Telles ont été mes premières réflexions, qui n’ont pas changé durant les quelques mois qui ont séparé la création de toutes ces figures. Je ne sais combien j’en réaliserai, mais pour la première fois de ma vie, l’envie de poursuivre une série s’est faite évidence, une sculpture en appelant une autre, s’imposant à moi comme une nécessité.
José Strée
Nous avons vu la colonne de Siméon le Stylite, ce rocher érodé dans sa grande basilique rose, saint Siméon homme d’étoiles, que les astres découvraient nu, les soirs d’été, sur son pilier immense, au creux des vallons syriens…
Mathias Enard, Boussole, roman, Actes Sud 2015, p. 364
En ce mois de février je termine un xième stylite. C’est un vieil anachorète quasi nu qui semble ruminer de vieilles convictions. Cette notion de croyance est au coeur de ma réflexion. Comme les dénigrent Émil Cioran, Oscar Wilde, Michel Onfray et d’autres écrivains que j’apprécie, je me moque un peu aussi des certitudes avec cette série de stylites qui renvoie à ces ermites qui ont fait le choix de vivre dans l’inconfort, la mendicité, à mi-chemin (pensent-ils?) entre Dieu et le monde séculier. Ce choix extrême de vivre par tous les temps sur un inconfortable piédestal, de n’en descendre sous aucun prétexte, jusqu’à ce que mort s’ensuive, cela tient tout à la fois de la foi et de la folie. Cette posture inspire du respect, de l’admiration et tout aussi bien la réfutation, la détestation. Que penser du fait de se reclure comme ces ermites qui jadis en s’isolant sacrifiaient leur vie, convaincus qu’ils étaient de l’offrir à Dieu? Que penser de ces extrémistes qui, de nos jours, choisissent de quitter dans la douleur, pour eux-mêmes, mais aussi, hélas pour autrui — le monde des vivants ? Si ces rares stylites des premiers siècles de notre ère offraient dans les vallons syriens leurs prières et leurs conseils spirituels en échange de nourriture et de boisson, qu’offrent aujourd’hui ces fous de Dieu en se faisant exploser au milieu des foules ? Ces esprits conquis totalement par des idéologies, par des certitudes, n’ayant plus pour autre désir de concrétisation que d’accélérer la fin de l’existence, cette vie, ce cadeau essentiel fait à chaque individu par le plus fabuleux mystère qui soit—, ces esprits, disais-je, ne sont-ils le symbole même de l’homme sur terre, incapable de libre arbitre, incapable d’ajouter à ses acquis le fruit des découvertes de ses semblables, préférant s’en tenir au « révélé », s’y dissoudre plutôt que d’en bien jouir ? Être bercé par la certitude, n’est-ce pas mourir ? Douter, n’est-ce pas vivre ?

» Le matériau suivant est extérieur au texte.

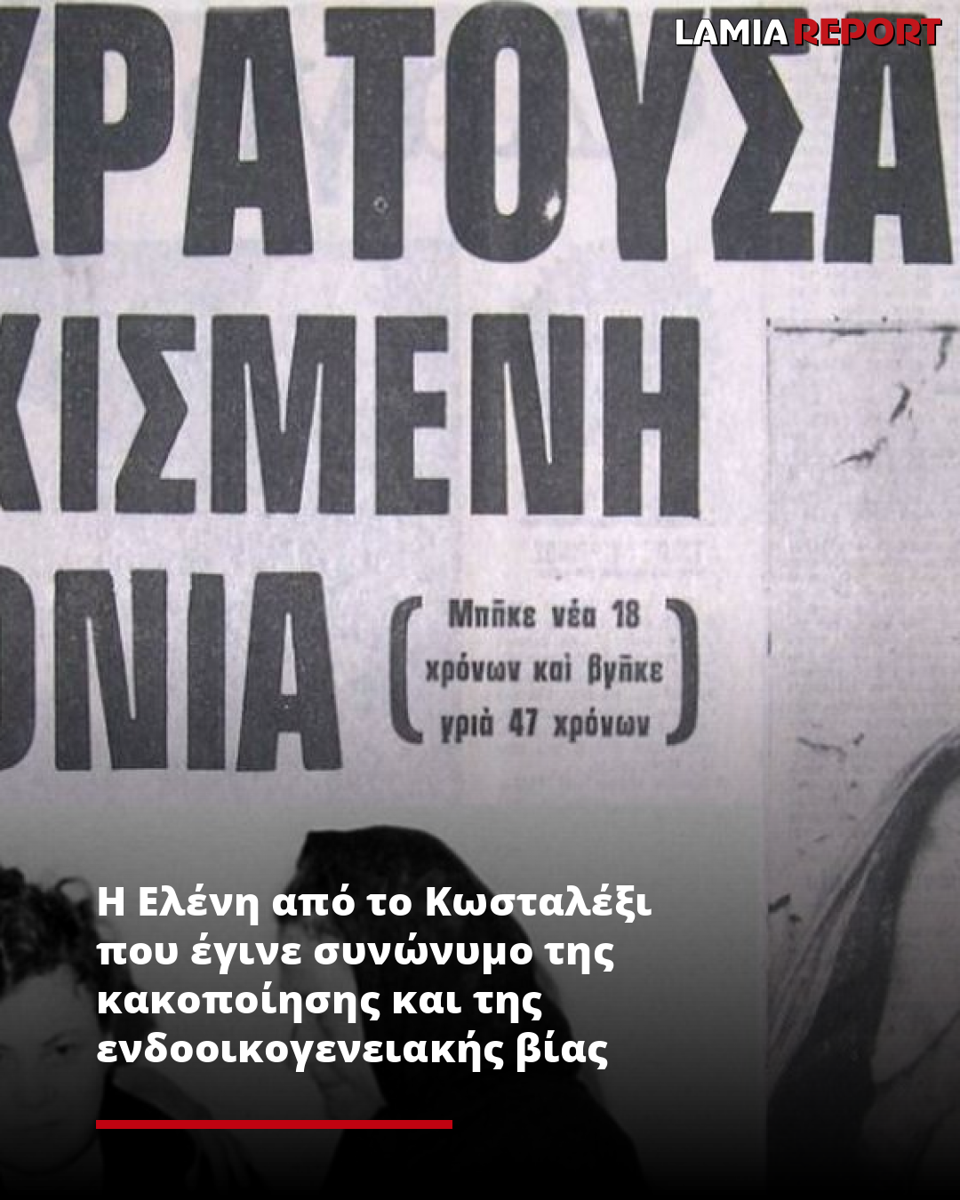 Ήταν 6 Νοεμβρίου του 1978, όταν αποκαλύπτεται λίγα χιλιόμετρα έξω από τη Λαμία μια ανθρώπινη τραγωδία. Μία 47χρονη γυναίκα η Ελένη Καρυώτη βρίσκεται κλειδωμένη μέσα σε άθλιες συνθήκες στο ισόγειο ενός διώροφου σπιτιού στο Κωσταλέξι.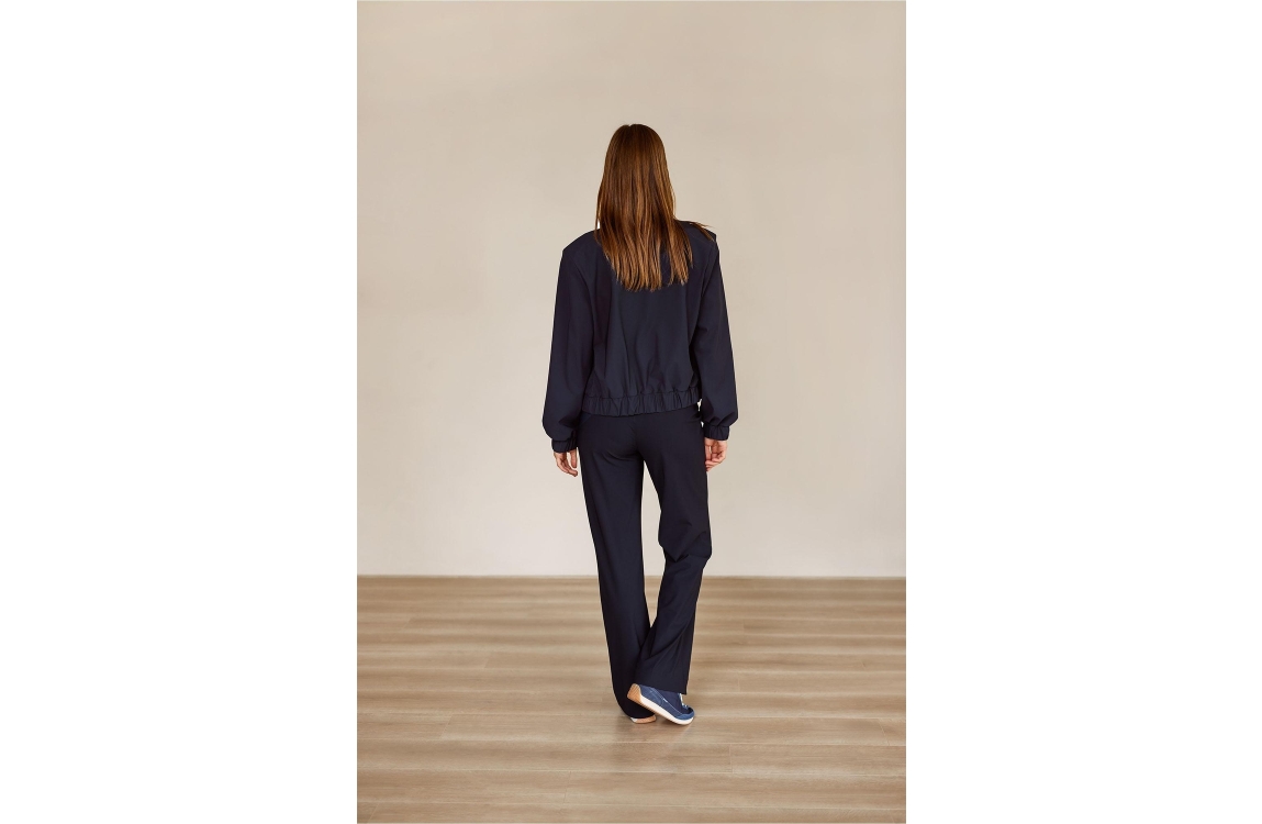 Studio Anneloes Benja bomber jacket 6900 94844. Dit oversized model heeft een ronde hals en lange mouwen. Dit donkerblauwe bomberjasje van Studio Anneloes sluit door middel van een rits, heeft schuine steekzakken en is gemaakt van travel materiaal.

José Strée, le 20 février 2016
« Il m’arrive d’éprouver une sorte de stupeur à l’idée qu’il ait pu exister des « fous de Dieu », qui lui ont tout sacrifié, à commencer par leur raison. Souvent il me semble entrevoir comment on peut se détruire pour lui dans un élan morbide, dans une désagrégation de l’âme et du corps. D’où l’aspiration immatérielle à la mort. »
E. M. Cioran (1937), in Des larmes et des saints, Éditions de l’Hernes, texte traduit du roumain par S. Stolojan, p. 88.
Le couple d’adolescents réalisé en avril 2015 a trouvé son inspiration au musée de la villa Giulia à Rome, face à un vase évoquant le corps d’un éphèbe datant d’une période située entre le IVe et le IIe siècle av. J.-C. L’éphèbe était dans la société grecque un garçon ayant quitté l’autorité des femmes, il m’a plu de lui restituer son alter ego féminin.